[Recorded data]
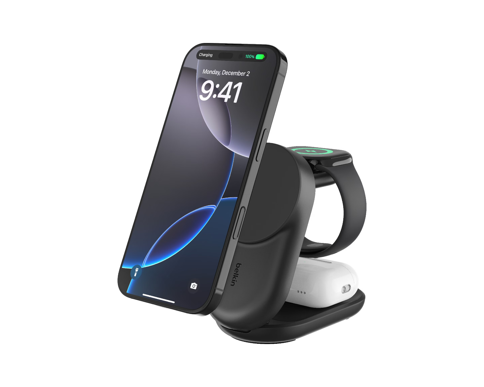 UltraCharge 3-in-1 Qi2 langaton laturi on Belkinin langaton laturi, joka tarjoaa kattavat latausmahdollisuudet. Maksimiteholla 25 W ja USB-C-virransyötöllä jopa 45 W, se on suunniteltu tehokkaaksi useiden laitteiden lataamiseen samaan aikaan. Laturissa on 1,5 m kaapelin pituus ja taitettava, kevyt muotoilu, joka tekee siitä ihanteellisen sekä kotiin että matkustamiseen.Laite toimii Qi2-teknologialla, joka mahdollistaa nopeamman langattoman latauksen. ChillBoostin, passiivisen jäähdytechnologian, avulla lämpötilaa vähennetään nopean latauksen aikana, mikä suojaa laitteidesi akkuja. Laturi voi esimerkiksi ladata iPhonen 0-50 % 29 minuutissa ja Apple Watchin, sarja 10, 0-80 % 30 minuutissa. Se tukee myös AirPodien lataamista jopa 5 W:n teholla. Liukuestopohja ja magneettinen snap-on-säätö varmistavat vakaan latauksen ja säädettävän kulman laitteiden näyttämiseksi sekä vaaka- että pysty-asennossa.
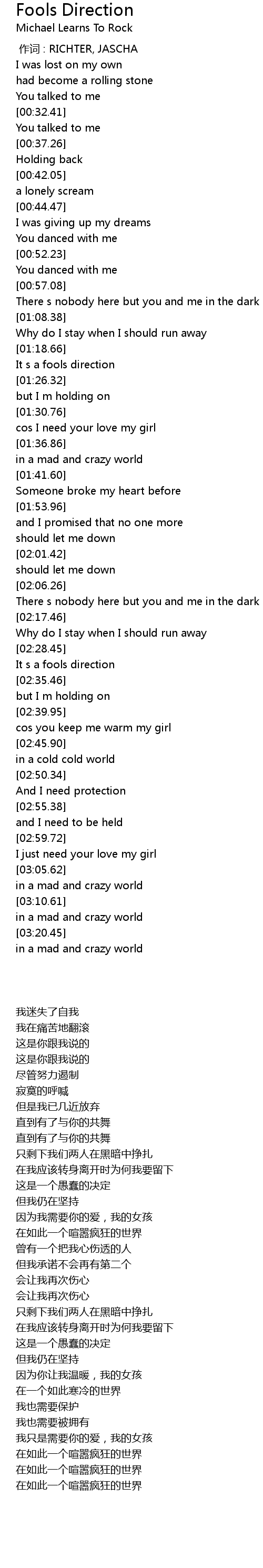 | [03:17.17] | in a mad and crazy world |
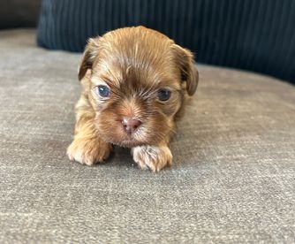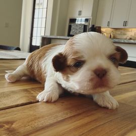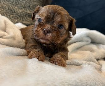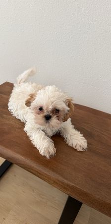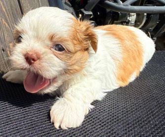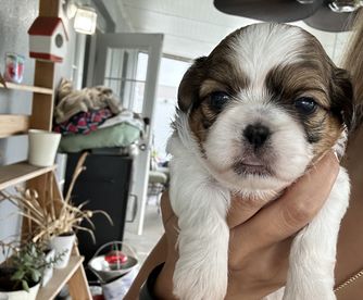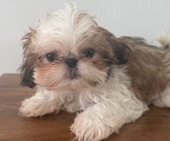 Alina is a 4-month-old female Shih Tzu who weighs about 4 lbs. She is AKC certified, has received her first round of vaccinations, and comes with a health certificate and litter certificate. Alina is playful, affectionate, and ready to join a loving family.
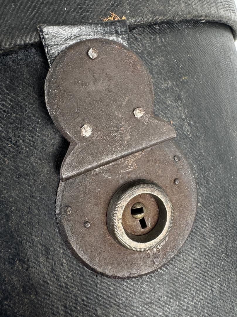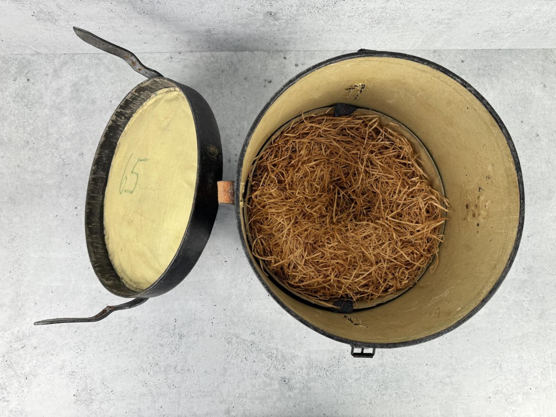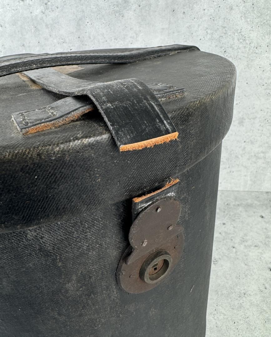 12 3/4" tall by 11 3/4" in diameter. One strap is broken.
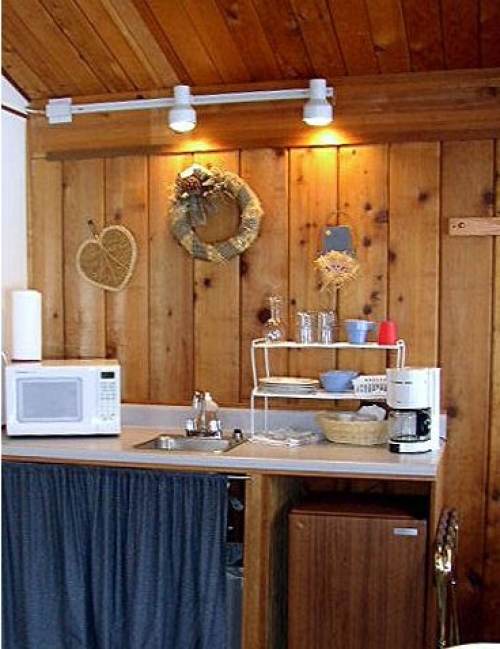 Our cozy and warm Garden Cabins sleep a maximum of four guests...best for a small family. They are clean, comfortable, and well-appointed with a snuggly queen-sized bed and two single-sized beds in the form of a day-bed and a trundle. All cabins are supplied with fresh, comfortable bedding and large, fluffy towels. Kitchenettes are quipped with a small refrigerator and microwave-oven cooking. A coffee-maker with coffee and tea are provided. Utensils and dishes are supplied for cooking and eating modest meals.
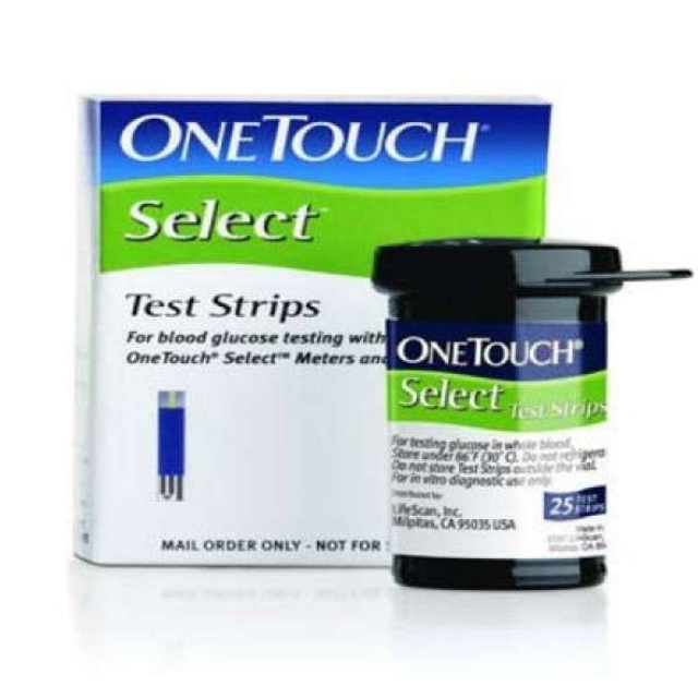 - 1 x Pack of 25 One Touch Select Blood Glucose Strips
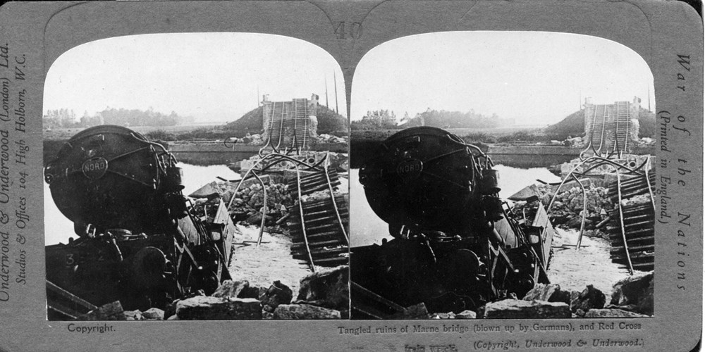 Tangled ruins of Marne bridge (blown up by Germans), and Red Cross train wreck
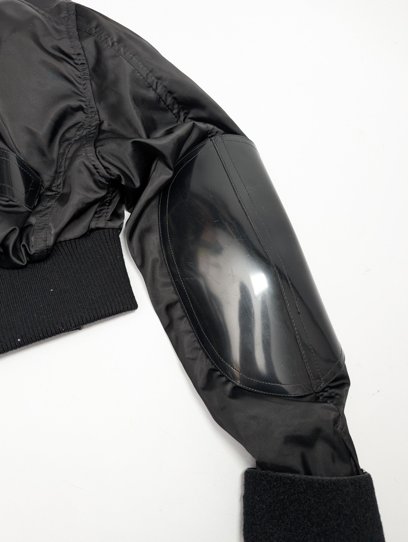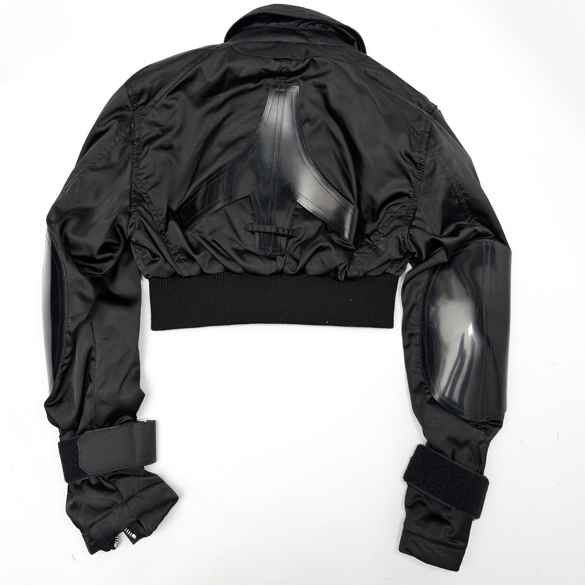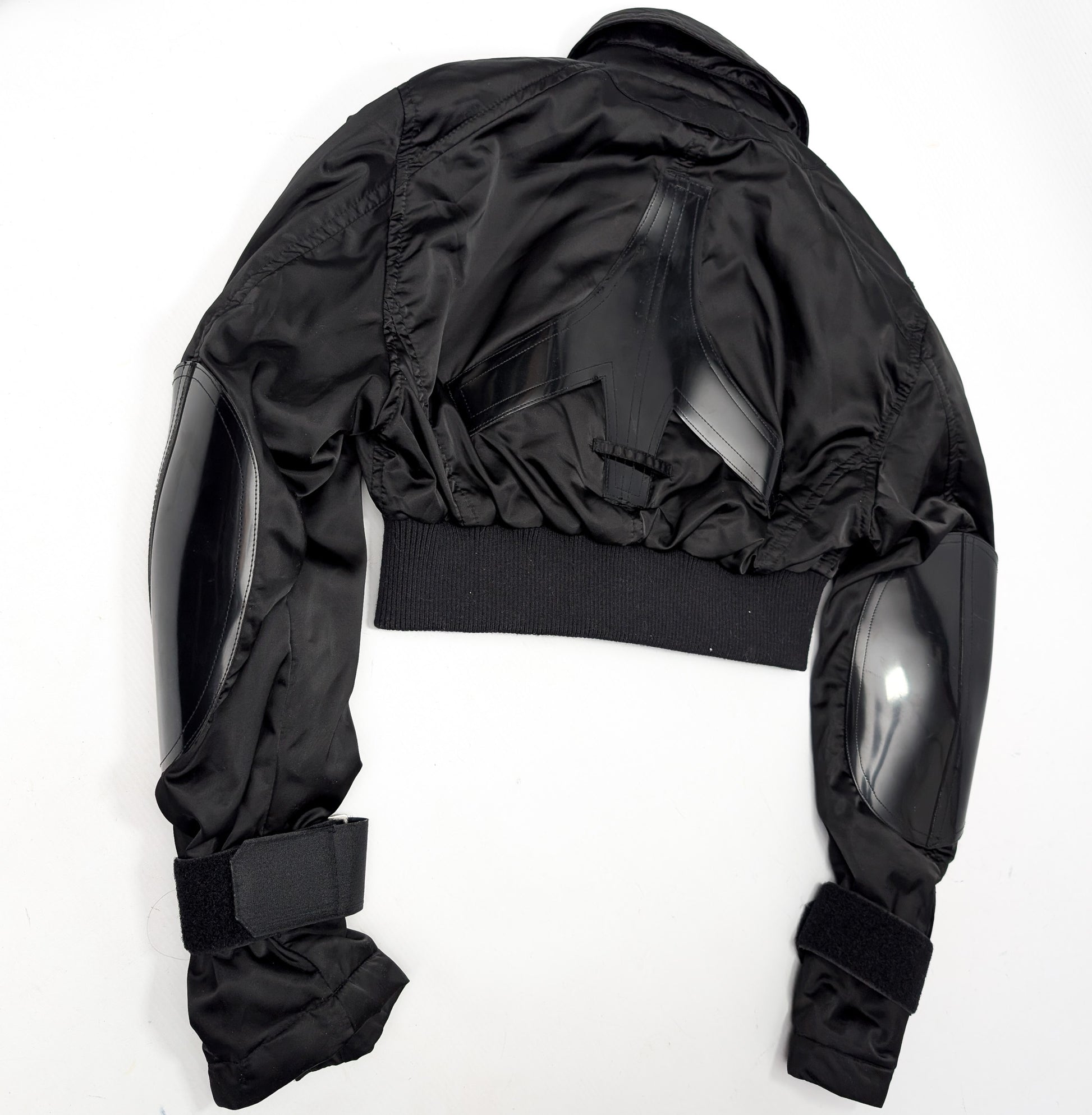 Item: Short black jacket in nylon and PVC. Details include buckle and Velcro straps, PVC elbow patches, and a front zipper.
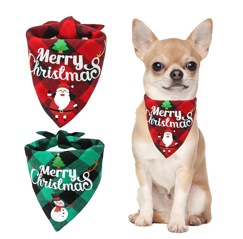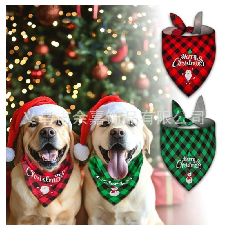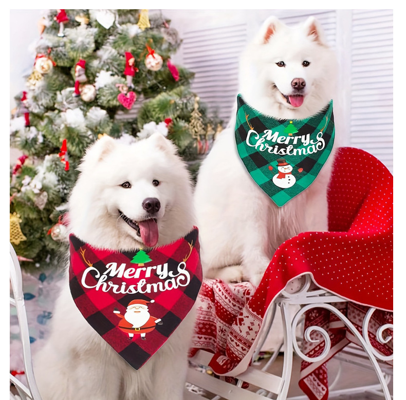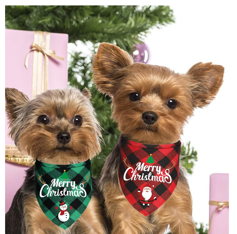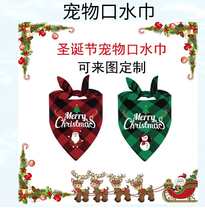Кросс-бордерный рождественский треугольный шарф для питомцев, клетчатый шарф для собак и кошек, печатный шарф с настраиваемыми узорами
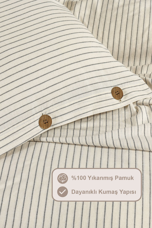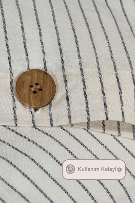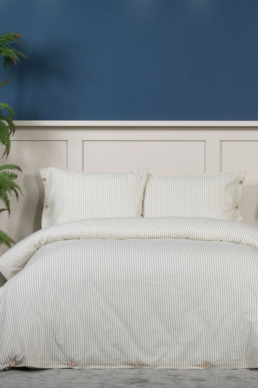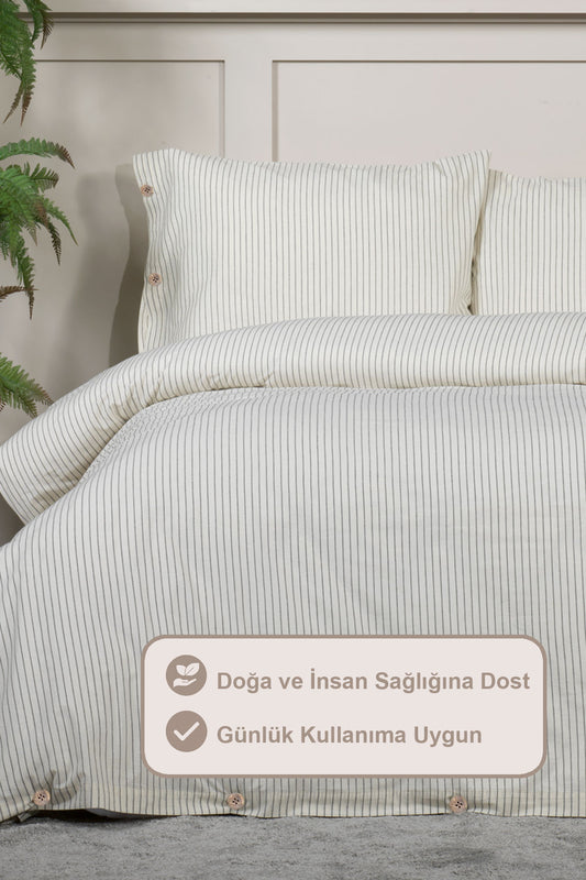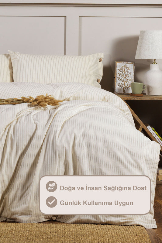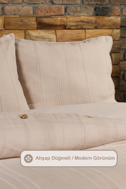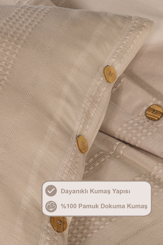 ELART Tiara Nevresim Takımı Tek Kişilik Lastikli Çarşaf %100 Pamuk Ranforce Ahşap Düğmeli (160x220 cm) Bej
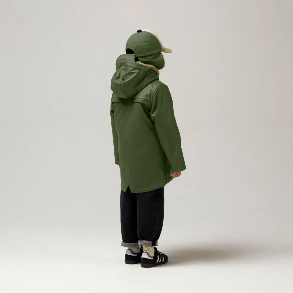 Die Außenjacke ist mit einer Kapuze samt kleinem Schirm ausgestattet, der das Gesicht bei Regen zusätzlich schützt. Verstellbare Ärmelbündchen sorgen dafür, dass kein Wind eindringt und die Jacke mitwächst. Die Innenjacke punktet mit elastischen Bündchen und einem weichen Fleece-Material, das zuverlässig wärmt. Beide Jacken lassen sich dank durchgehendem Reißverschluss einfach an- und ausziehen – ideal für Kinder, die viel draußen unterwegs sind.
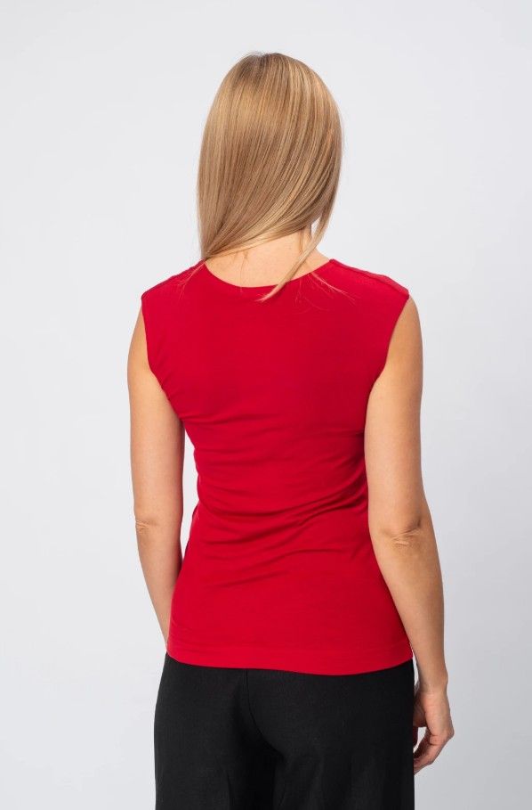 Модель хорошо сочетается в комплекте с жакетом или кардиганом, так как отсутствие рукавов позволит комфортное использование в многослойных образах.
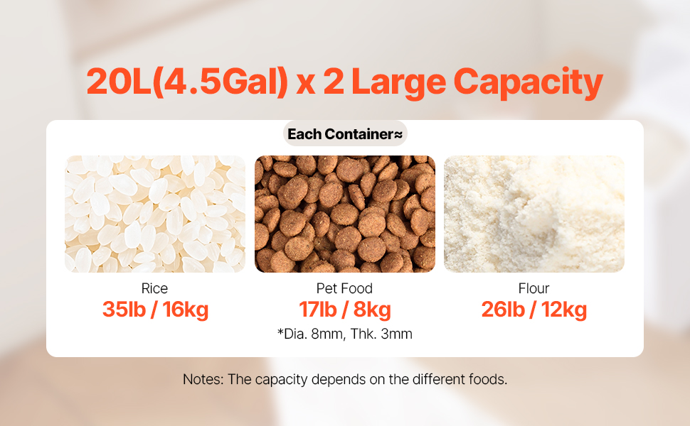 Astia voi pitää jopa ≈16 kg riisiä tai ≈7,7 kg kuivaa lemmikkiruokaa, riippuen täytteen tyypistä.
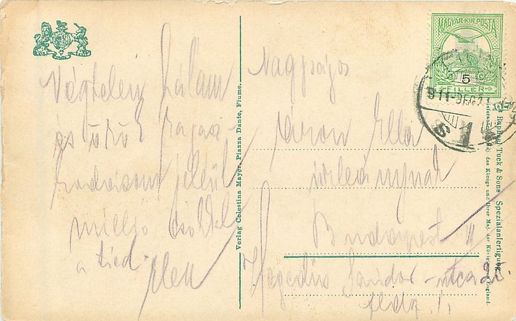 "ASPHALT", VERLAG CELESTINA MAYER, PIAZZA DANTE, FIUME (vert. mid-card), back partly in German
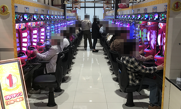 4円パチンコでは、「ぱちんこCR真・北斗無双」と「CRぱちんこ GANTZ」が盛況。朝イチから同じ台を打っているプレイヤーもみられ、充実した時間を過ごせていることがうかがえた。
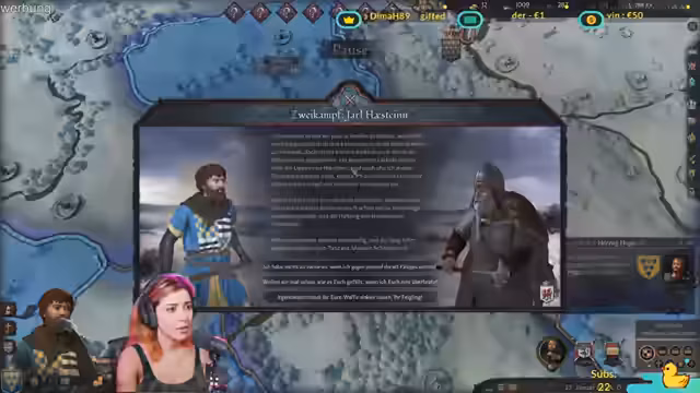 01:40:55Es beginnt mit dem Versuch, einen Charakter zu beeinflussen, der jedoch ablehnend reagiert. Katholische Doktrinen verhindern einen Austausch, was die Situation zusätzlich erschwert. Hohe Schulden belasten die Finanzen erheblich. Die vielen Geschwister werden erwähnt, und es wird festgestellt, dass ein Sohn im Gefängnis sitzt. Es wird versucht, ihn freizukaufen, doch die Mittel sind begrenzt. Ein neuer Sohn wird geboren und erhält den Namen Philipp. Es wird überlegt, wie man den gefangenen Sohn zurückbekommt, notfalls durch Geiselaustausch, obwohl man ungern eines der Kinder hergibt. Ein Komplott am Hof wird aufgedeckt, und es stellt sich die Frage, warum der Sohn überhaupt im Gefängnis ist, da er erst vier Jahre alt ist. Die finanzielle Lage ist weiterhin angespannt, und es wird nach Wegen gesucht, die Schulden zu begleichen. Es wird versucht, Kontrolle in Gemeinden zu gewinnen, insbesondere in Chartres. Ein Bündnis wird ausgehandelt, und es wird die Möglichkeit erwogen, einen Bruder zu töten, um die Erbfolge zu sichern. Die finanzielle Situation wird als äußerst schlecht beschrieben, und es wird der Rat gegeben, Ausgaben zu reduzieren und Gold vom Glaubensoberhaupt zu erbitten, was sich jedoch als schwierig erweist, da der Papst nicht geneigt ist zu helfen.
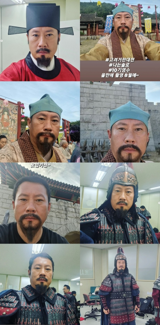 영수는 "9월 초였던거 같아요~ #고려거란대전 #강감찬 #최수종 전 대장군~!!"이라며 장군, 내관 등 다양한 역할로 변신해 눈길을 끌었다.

# [Exercise details]
Apart from the images, the entries above must be returned without alteration.

# [Written reply]
 UltraCharge 3-in-1 Qi2 langaton laturi on Belkinin langaton laturi, joka tarjoaa kattavat latausmahdollisuudet. Maksimiteholla 25 W ja USB-C-virransyötöllä jopa 45 W, se on suunniteltu tehokkaaksi useiden laitteiden lataamiseen samaan aikaan. Laturissa on 1,5 m kaapelin pituus ja taitettava, kevyt muotoilu, joka tekee siitä ihanteellisen sekä kotiin että matkustamiseen.Laite toimii Qi2-teknologialla, joka mahdollistaa nopeamman langattoman latauksen. ChillBoostin, passiivisen jäähdytechnologian, avulla lämpötilaa vähennetään nopean latauksen aikana, mikä suojaa laitteidesi akkuja. Laturi voi esimerkiksi ladata iPhonen 0-50 % 29 minuutissa ja Apple Watchin, sarja 10, 0-80 % 30 minuutissa. Se tukee myös AirPodien lataamista jopa 5 W:n teholla. Liukuestopohja ja magneettinen snap-on-säätö varmistavat vakaan latauksen ja säädettävän kulman laitteiden näyttämiseksi sekä vaaka- että pysty-asennossa.
 | [03:17.17] | in a mad and crazy world |
 Alina is a 4-month-old female Shih Tzu who weighs about 4 lbs. She is AKC certified, has received her first round of vaccinations, and comes with a health certificate and litter certificate. Alina is playful, affectionate, and ready to join a loving family.
 12 3/4" tall by 11 3/4" in diameter. One strap is broken.
 Our cozy and warm Garden Cabins sleep a maximum of four guests...best for a small family. They are clean, comfortable, and well-appointed with a snuggly queen-sized bed and two single-sized beds in the form of a day-bed and a trundle. All cabins are supplied with fresh, comfortable bedding and large, fluffy towels. Kitchenettes are quipped with a small refrigerator and microwave-oven cooking. A coffee-maker with coffee and tea are provided. Utensils and dishes are supplied for cooking and eating modest meals.
 - 1 x Pack of 25 One Touch Select Blood Glucose Strips
 Tangled ruins of Marne bridge (blown up by Germans), and Red Cross train wreck
 Item: Short black jacket in nylon and PVC. Details include buckle and Velcro straps, PVC elbow patches, and a front zipper.
Кросс-бордерный рождественский треугольный шарф для питомцев, клетчатый шарф для собак и кошек, печатный шарф с настраиваемыми узорами
 ELART Tiara Nevresim Takımı Tek Kişilik Lastikli Çarşaf %100 Pamuk Ranforce Ahşap Düğmeli (160x220 cm) Bej
 Die Außenjacke ist mit einer Kapuze samt kleinem Schirm ausgestattet, der das Gesicht bei Regen zusätzlich schützt. Verstellbare Ärmelbündchen sorgen dafür, dass kein Wind eindringt und die Jacke mitwächst. Die Innenjacke punktet mit elastischen Bündchen und einem weichen Fleece-Material, das zuverlässig wärmt. Beide Jacken lassen sich dank durchgehendem Reißverschluss einfach an- und ausziehen – ideal für Kinder, die viel draußen unterwegs sind.
 Модель хорошо сочетается в комплекте с жакетом или кардиганом, так как отсутствие рукавов позволит комфортное использование в многослойных образах.
 Astia voi pitää jopa ≈16 kg riisiä tai ≈7,7 kg kuivaa lemmikkiruokaa, riippuen täytteen tyypistä.
 "ASPHALT", VERLAG CELESTINA MAYER, PIAZZA DANTE, FIUME (vert. mid-card), back partly in German
 4円パチンコでは、「ぱちんこCR真・北斗無双」と「CRぱちんこ GANTZ」が盛況。朝イチから同じ台を打っているプレイヤーもみられ、充実した時間を過ごせていることがうかがえた。
 01:40:55Es beginnt mit dem Versuch, einen Charakter zu beeinflussen, der jedoch ablehnend reagiert. Katholische Doktrinen verhindern einen Austausch, was die Situation zusätzlich erschwert. Hohe Schulden belasten die Finanzen erheblich. Die vielen Geschwister werden erwähnt, und es wird festgestellt, dass ein Sohn im Gefängnis sitzt. Es wird versucht, ihn freizukaufen, doch die Mittel sind begrenzt. Ein neuer Sohn wird geboren und erhält den Namen Philipp. Es wird überlegt, wie man den gefangenen Sohn zurückbekommt, notfalls durch Geiselaustausch, obwohl man ungern eines der Kinder hergibt. Ein Komplott am Hof wird aufgedeckt, und es stellt sich die Frage, warum der Sohn überhaupt im Gefängnis ist, da er erst vier Jahre alt ist. Die finanzielle Lage ist weiterhin angespannt, und es wird nach Wegen gesucht, die Schulden zu begleichen. Es wird versucht, Kontrolle in Gemeinden zu gewinnen, insbesondere in Chartres. Ein Bündnis wird ausgehandelt, und es wird die Möglichkeit erwogen, einen Bruder zu töten, um die Erbfolge zu sichern. Die finanzielle Situation wird als äußerst schlecht beschrieben, und es wird der Rat gegeben, Ausgaben zu reduzieren und Gold vom Glaubensoberhaupt zu erbitten, was sich jedoch als schwierig erweist, da der Papst nicht geneigt ist zu helfen.
 영수는 "9월 초였던거 같아요~ #고려거란대전 #강감찬 #최수종 전 대장군~!!"이라며 장군, 내관 등 다양한 역할로 변신해 눈길을 끌었다.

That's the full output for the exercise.